• [ACTIVITY] The answer consists of the lines from the line holding "Dzīvojamā ēka ar" through the last line of the entries, retyped exactly, and nothing else. No pictures belong in it.

• [DATA PROVIDED]
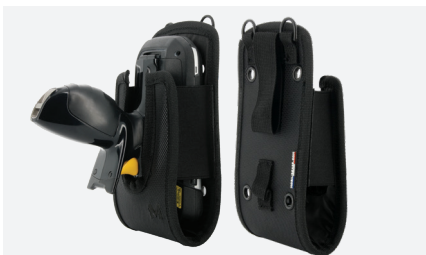
HOLSTER M Ref. 031010
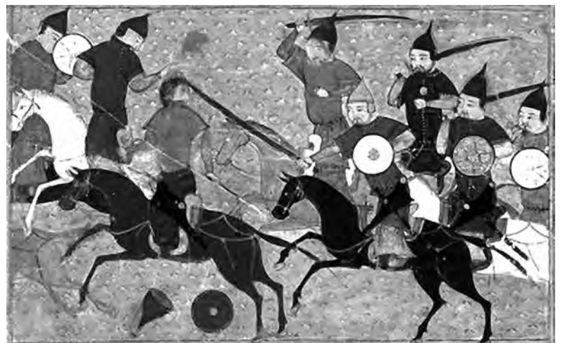
«Битва между монголами и китайцами 1211 года» из исторического сочинения «Джами ат-таварих», 1430 год
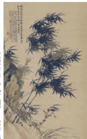
渡辺華山《風竹図》当館寄託
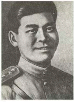
Абубек Бұлықшев атындағы жас журналистер клубының жарғысы

2016 жылы қаңтардың 30-ынан бастап шығады - Издаётся с 30 января 2016 года
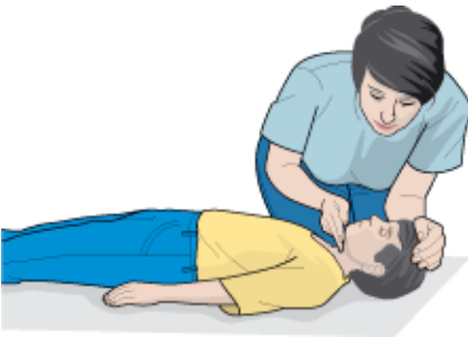
Tarkista lapsen hengitys
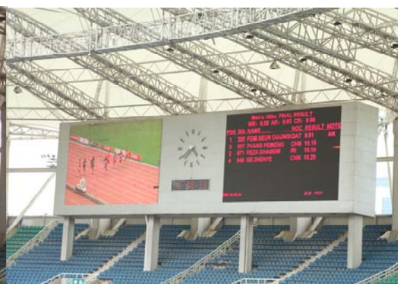
(圖 31、圖 32：賽場大螢幕畫面，以及賽會即時畫面重播)
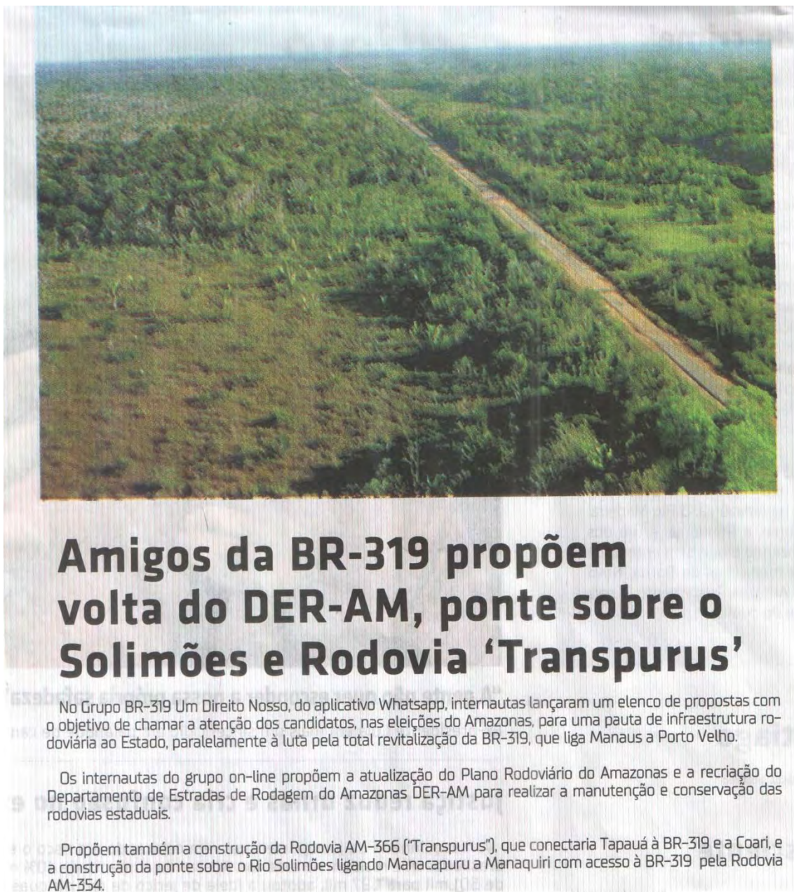
Figura 7. O grupo de lobby “Amigos da BR-319” está pressionando também pela AM-366. A AM-366 é planejada apenas por causa da BR-319, e essas duas rodovias e seus impactos não são separados [2].

As rodovias planejadas AM-366 e AM-343 aparecem no mapa do DNIT (Figura 8), mas são rodovias estaduais do Amazonas. Isso enfraquece o licenciamento ambiental, uma vez que o licenciamento pelas instituições estaduais é menos exigente e mais facilmente manipulados que o federal. Em 2017, isso ficou muito claro para o IPAAM, a instituição ambiental do Estado do Amazonas, quando garimpeiros ilegais de
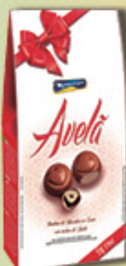
Cód: 2371 Bombom Creme de Avelã
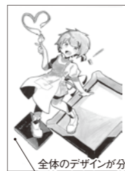
全体のデザインが分かるように表現

自分がデザインしてみたい「キャラクター」を、自由楽しく考えて表現してみてください。
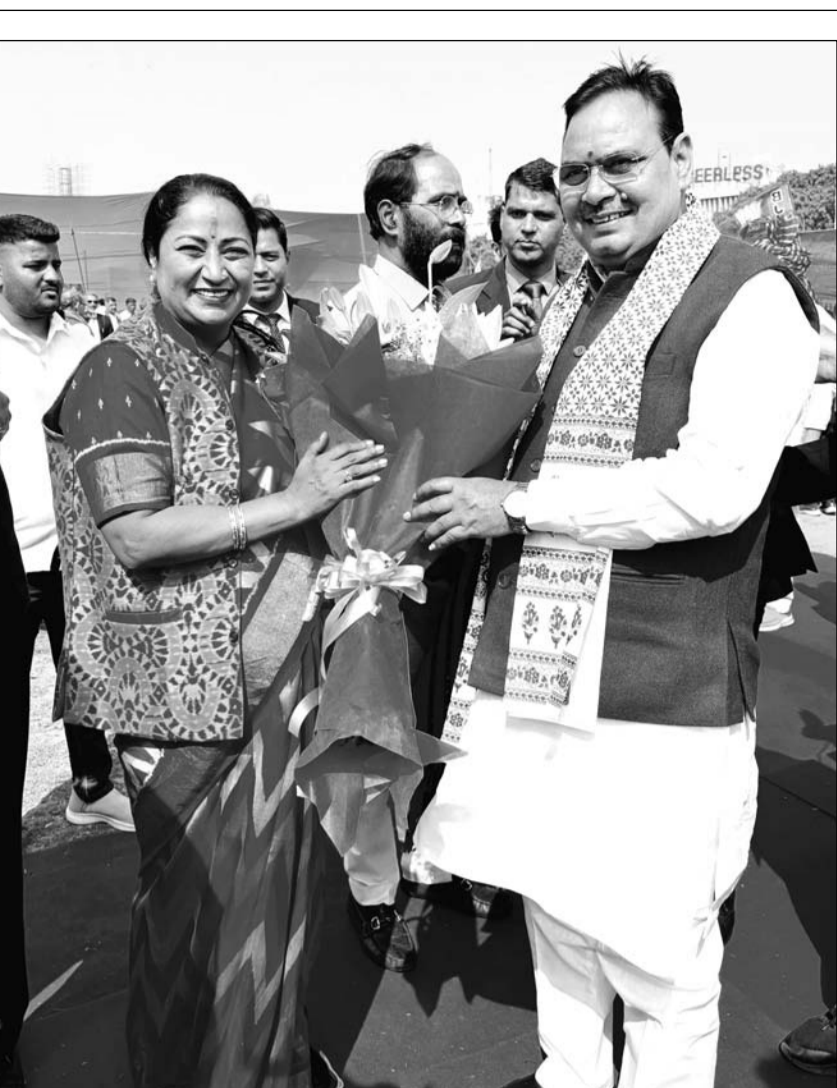
मुख्यमंत्री भजनलाल शर्मा ने दिल्ली की नई मुख्यमंत्री रेखा गुप्ता को गुलदस्ता भेंट कर बधाई दी। शर्मा मुख्यमंत्री के शपथ ग्रहण समारोह में शामिल होने दिल्ली गए थे। समारोह में प्रधानमंत्री नरेन्द्र मोदी मुख्य अतिथि थे। मुख्यमंत्री भजनलाल शर्मा ने कहा कि प्रधानमंत्री नरेन्द्र मोदी के नेतृत्व में डबल इंजन सरकार दिल्ली के विकास को नई दिशा और गति प्रदान करेगी। समारोह में शामिल हुईं दीया कुमारी ने कहा, भाजपा सरकार दिल्ली में सुशासन के नए मानक स्थापित करेगी, दिल्ली को स्वच्छ व सुंदर बनाएगी।
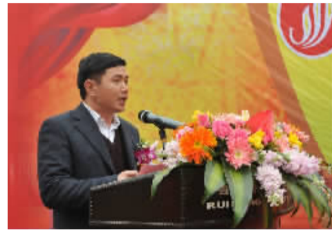
扶绥县委书记蓝大煌致辞。
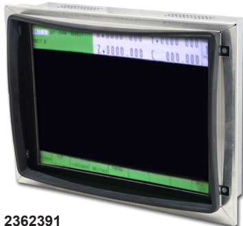
2362391 - Krümmungsadapter / Winkelsatz
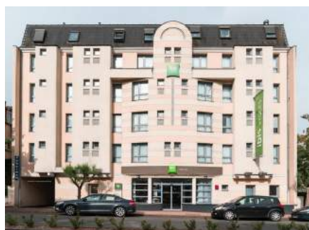
Hôtel Ibis Centre 3*
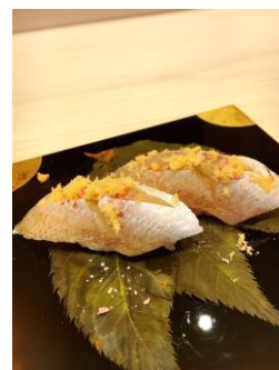
つきじ鈴富 [13F] 春子鯛の桜葉漬
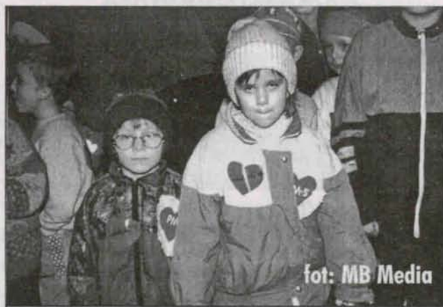
Najmłodsi uczestnicy Biegu Walentynkowego na moment przed swoim pierwszym startem.

Najważniejsze, że pomyślano o przedszkolakach, dla których mamy nadzieję nie będzie to pierwsza i zarazem ostatnia impreza. Pomyślano także o herbacie, którą zmarzniętym biegaczom rozdawały sympatyczne harcerki. Im, jak również policji, straży miejskiej i POKSiR-owi organizatorzy składają serdeczne podziękowania za pomoc w organizacji imprezy.
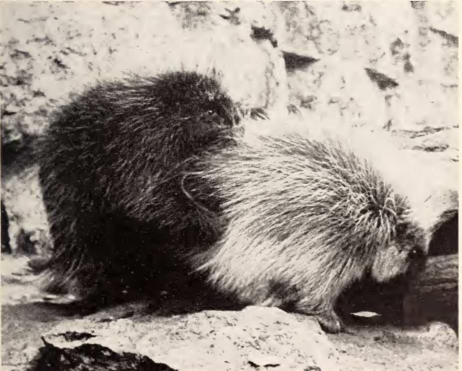
Abb. 3. Das ♂ versucht, beim ♀ aufzureiten und zieht das ♀ mit den Vorderpfoten zu sich heran. Aufnahme W. GRUMMT, 18. IX. 1962

Händen zu halten. Auch ♀ 2 wird aus einiger Entfernung beharnt. ♀ 2 richtet sich aber seinerseits auf und droht, wobei es unter „hääui“-Rufen auf das ♂ zufährt, daß es zurückweicht. Dann wendet sich das ♂ wieder ♀ 1 zu und bespritzt es hoch aufgerichtet abermals, das sich aber jeder weiteren Annäherung dadurch entzieht, daß es in einen hohlen Baumstamm kriecht. Sofort wendet sich das ♂ wieder ♀ 2 zu, das sich abweh-
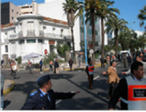
التفجيرات التي طالت مدينة الدار البيضاء المغربية عام 2003 كانت مثالا على ضياع بوصلة هذه التنظيمات.

قامت فكرة تنظيم القاعدة على مبدء أساسي يقوم على تغيير الأنظمة العربية وإجلاء القوات الغربية من جزيرة العرب. هذا التغيير اتخذ العنف والقوة وسيلة له. فالأمر كان من وجهة نظر مؤسسي التنظيم مهما وضروريا لإنهاء الضعف والهوان الذي يعيش فيه العرب والمسلمون.
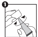
Cortar la aleta

Posología y forma de administración: En el tratamiento de infecciones superficiales se sugiere aplicar aproximadamente 1 cm de longitud del ungüento directamente sobre el ojo infectado hasta 6 veces por día, dependiendo de la severidad del proceso infeccioso a tratar. Para la profilaxis de la oftalmia neonatal gonocócica o por Chlamydia, una línea de aproximadamente 1 cm de longitud debe ser aplicada en cada saco conjuntival. El ungüento no debe fluir fuera del ojo luego de la instilación. Un nuevo tubo debe ser usado por cada niño.
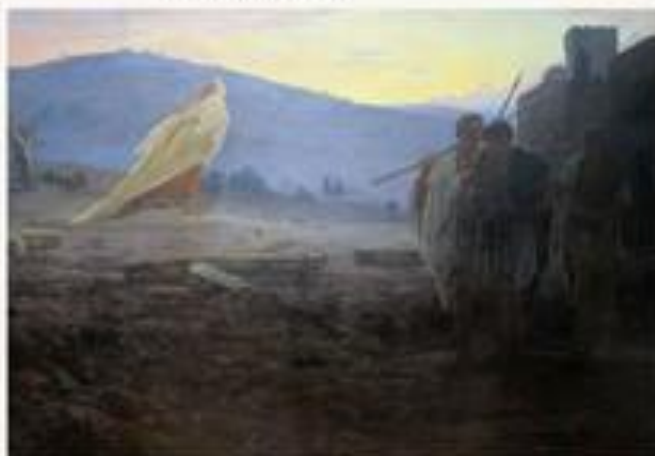
Вестники Воскресения. 1867
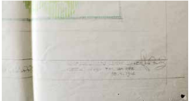
Voorontwerp uitbreiding van de begraafplaats, inclusief militair ereperk, gesigeneerd door Jean Canneel (15 januari 1942)
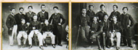
薩摩藩英国留学生のうち16名(尚古集成館蔵)

The Bedford Times 1865.8.1記事より ベッドフォードのブリタニア鉄工所を訪ねた薩摩スチューデント一行は、そこで生産される機械類を興味深く見学した。さらに、市長でもある工場長と懇談を共にした後、蒸気鋸のデモンストレーションを見学、試運転にチャレンジしたことを地元の新聞は伝えている。
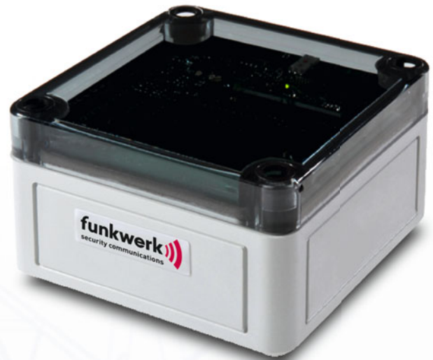
funkwerk D.A.N.-Detector zur ISM-Band-Lokalisierung

Die funkwerk D.A.N.-Detektoren lassen sich per Funkübertragung über das ISM-Frequenzband (869,6875 MHz) installations- und wartungsfreundlich über die Luftschnittstelle („over the air“) einrichten. Ein Öffnen des Gehäuses ist nicht notwendig. Bei der optimalen Verteilung der Geräte unterstützt Sie die D.A.N. Wireless Configuration Software mit Daten und Hinweisen.
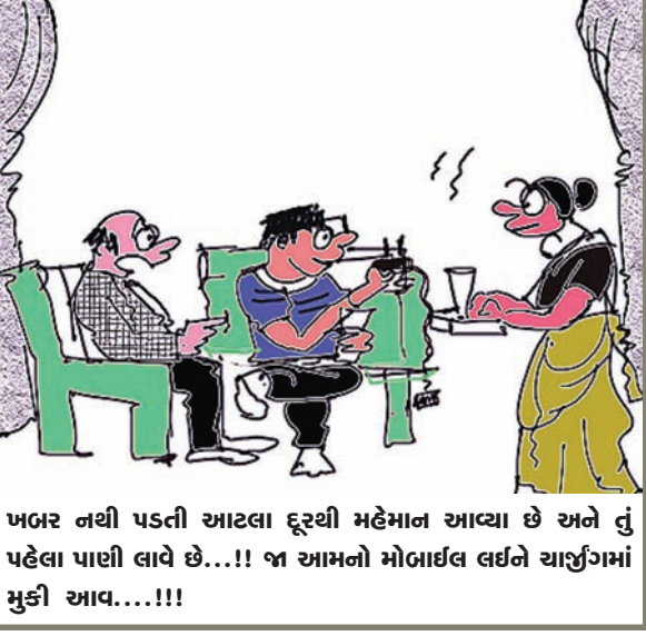
ખબર નથી પડતી આટલા દુરથી મહેમાન આવ્યા છે અને તું પહેલા પાણી લાવે છે...!! જા આમનો મોબાઇલ લઈને ચાર્જિંગમાં મુકી આવ...!!!!
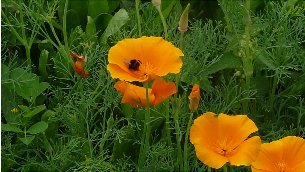
Pavot de Californie

Le Pavot de Californie appartient à la même famille que les Coquelicots. Ils produisent un pollen très apprécié par les insectes pollinisateurs et se ressèment spontanément au potager. Les fleurs peuvent être utilisées en infusion pour lutter contre l'insomnie.
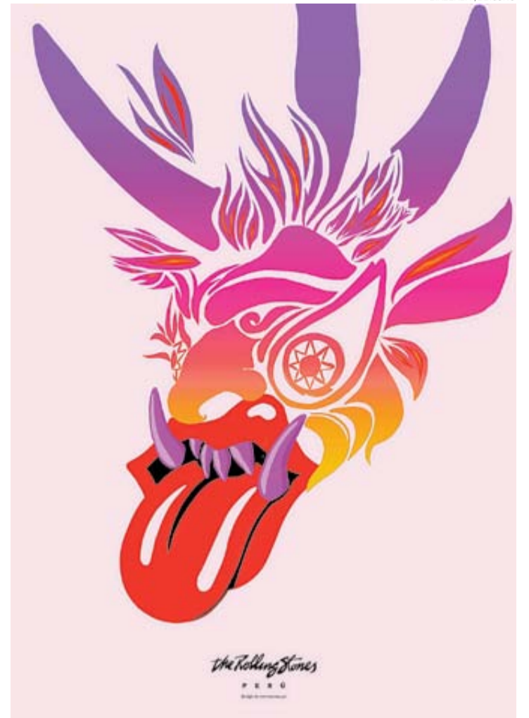
"DIABLADA", DE ICONO
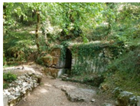
Entrée de la fontaine de Berthiol.
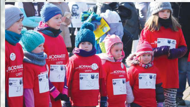
Mali uczestnicy tuż przed rozpoczęciem biegu rodzinnego
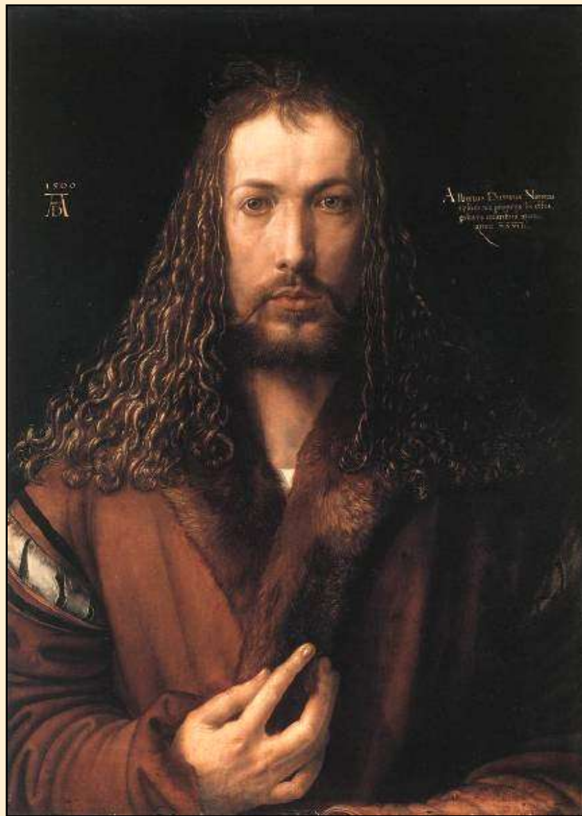
Autoportrét v kořichu (1500)
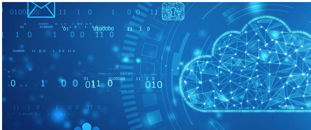
図：柔軟なクラウドソリューション

また、設定済みのHPCアプライアンスを簡単に作成できます。ユーザーは、好みのクラウドプロバイダー上でプライベートアプライアンスを作成し、シミュレーションソルバーや、流体力学やバルクおよび粒状材料シミュレーションの可視化に最高の計算ハードウェアを利用でき、GPUノード上でもアプリケーションを実行できます。Altair Unitsのバリューベースのライセンスシステムを通じてアルテアのソリューションにアクセスすることで、既存のHPCへの投資を社内、クラウド、オンデマンド、ハイブリッドで最大限に活用できます。
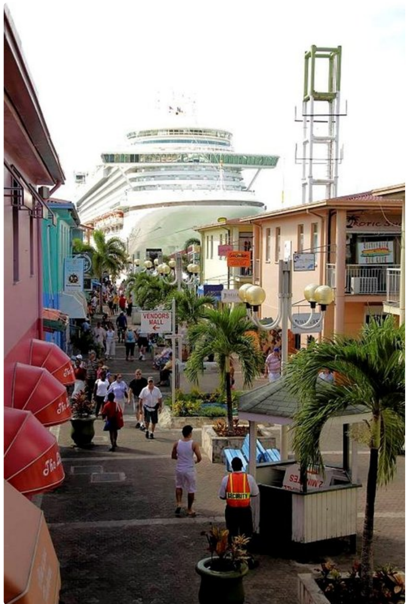
Laiva on saapunut satamaan. Risteilyaluksen rinnalla talot näyttävät pieniltä.

Muut palvelut: 4 uima-allasta ja 10 poreallasta, täysikokoinen
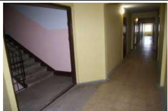
Dzīvojamā ēka ar kadastra apzīmējumu 1700 014 0393 001, koplietošanas telpa
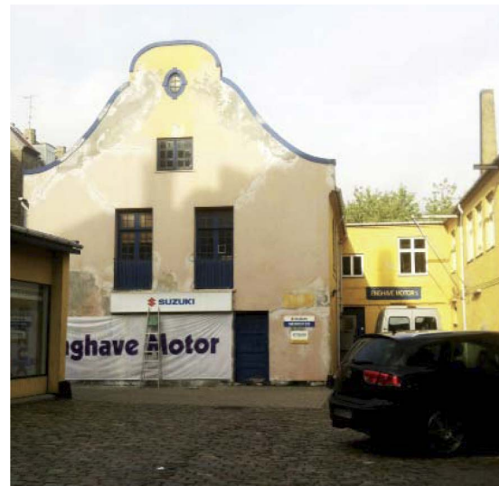
Hollænderhuset i gården, Enghavevej 16, (3) Privat bygherre
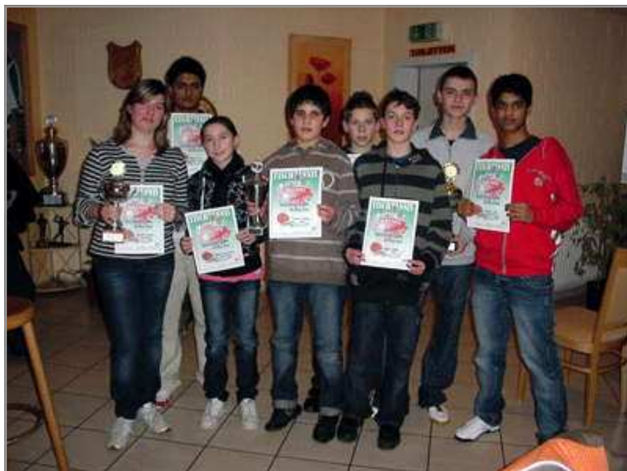
Sieger und Platzierte im Clubheim
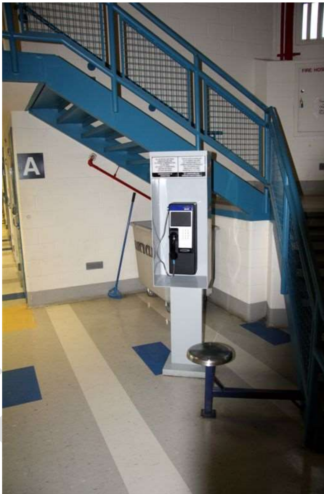
Figure 2 – Exemple de cabine autoportante

• [EXERCISE RESPONSE]
Dzīvojamā ēka ar kadastra apzīmējumu 1700 014 0393 001, koplietošanas telpa
Hollænderhuset i gården, Enghavevej 16, (3) Privat bygherre
Sieger und Platzierte im Clubheim
Figure 2 – Exemple de cabine autoportante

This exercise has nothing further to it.